Once you find the line with "Nhân ngày Quốc" in the entries below, return exactly every line from it through the line with "Судова справа №".

> Available records
────
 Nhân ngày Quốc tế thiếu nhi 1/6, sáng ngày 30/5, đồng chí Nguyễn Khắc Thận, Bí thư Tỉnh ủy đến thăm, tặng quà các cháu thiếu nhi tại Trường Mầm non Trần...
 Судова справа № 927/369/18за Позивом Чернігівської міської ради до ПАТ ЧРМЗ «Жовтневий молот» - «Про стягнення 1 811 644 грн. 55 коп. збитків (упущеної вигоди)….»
────
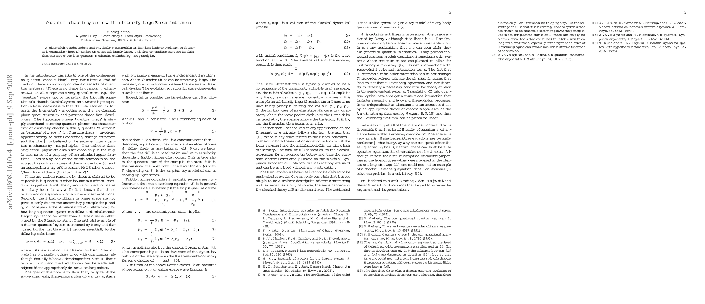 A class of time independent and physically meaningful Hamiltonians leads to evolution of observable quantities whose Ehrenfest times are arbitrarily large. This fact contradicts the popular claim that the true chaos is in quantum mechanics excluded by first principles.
────
> Output for this task
 Nhân ngày Quốc tế thiếu nhi 1/6, sáng ngày 30/5, đồng chí Nguyễn Khắc Thận, Bí thư Tỉnh ủy đến thăm, tặng quà các cháu thiếu nhi tại Trường Mầm non Trần...
 Судова справа № 927/369/18за Позивом Чернігівської міської ради до ПАТ ЧРМЗ «Жовтневий молот» - «Про стягнення 1 811 644 грн. 55 коп. збитків (упущеної вигоди)….»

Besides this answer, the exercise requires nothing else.